Lisa J. McReynolds, M.D., Ph.D., was appointed the first DCEG Assistant Clinical Investigator (ACI) in the Clinical Genetics Branch (CGB) in July 2019. In her new role, Dr. McReynolds will develop an independent research program focused on inherited predisposition to hematopoietic malignancies, incorporating genomics with epidemiology to understand their causes. Determining genetic susceptibility in patients with hematopoietic malignancies and its relationship to outcomes will be critical to improving clinical care and understanding the causes and progression of these cancers. Dr. McReynolds will also be continuing her work with the Inherited Bone Marrow Syndrome Study (IBMFS) and Transplant Outcomes in Aplastic Anemia (TOAA) study.
Dr. McReynolds has always had an interest in studying the genetic factors of blood disorders. She cultivated a multifaceted expertise in hematopoiesis (the production of blood cells), hematology/oncology, and immunology prior to joining DCEG. She earned her M.D. and Ph.D. at Albert Einstein College of Medicine, where she studied Smad signaling in a zebrafish model of hematopoiesis. Dr. McReynolds then completed residency in pediatrics at Morgan Stanley’s Children’s Hospital of New York-Presbyterian Hospital and fellowship through the joint program of Johns Hopkins University and the NCI.

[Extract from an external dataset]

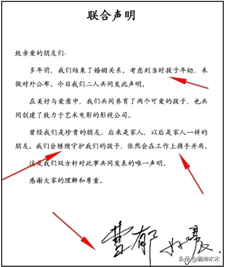 明面上,姚晨和前夫曹郁都保持了体面,二人联合发布声明,写上手写签名,强调双方婚姻结束多年,因为孩子年幼才没公布,未来还会一起抚养孩子,还要继续一起开公司,打拼影视事业。

Dr. McReynolds joined the National Institute of Allergy and Infectious Diseases (NIAID) as a clinical and postdoctoral research fellow in the laboratory of Dr. Steven Holland. At NIAID, her research focused on the bone marrow failure and immunodeficiency disorder, GATA2-deficiency, an inherited disorder caused by germline variation in GATA2, a gene essential to hematopoiesis and vascular development.
In August 2016, Dr. McReynolds joined the CGB as a Clinical Fellow under the mentorship of Sharon A. Savage, M.D., where she led the exome analyses in the IBMFS and TOAA studies. One aim of the IBMFS study is to identify the disease-causing genes in enrolled families, and their effect on patient outcomes. Within the TOAA study Dr. McReynolds has focused on identifying germline variants that affect hematopoietic cell transplant outcomes. She was awarded a DCEG Intramural Research Award in 2017 to perform a pilot study of somatic genetic mutations in blood derived from patients with dyskeratosis congenita and Fanconi anemia.
The ACI position is part of a DCEG-CCR collaboration within the Clinical Investigator Development Program (CIDP) and is designed to support clinical investigators in the critical transition period between clinical fellowship and scientific independence.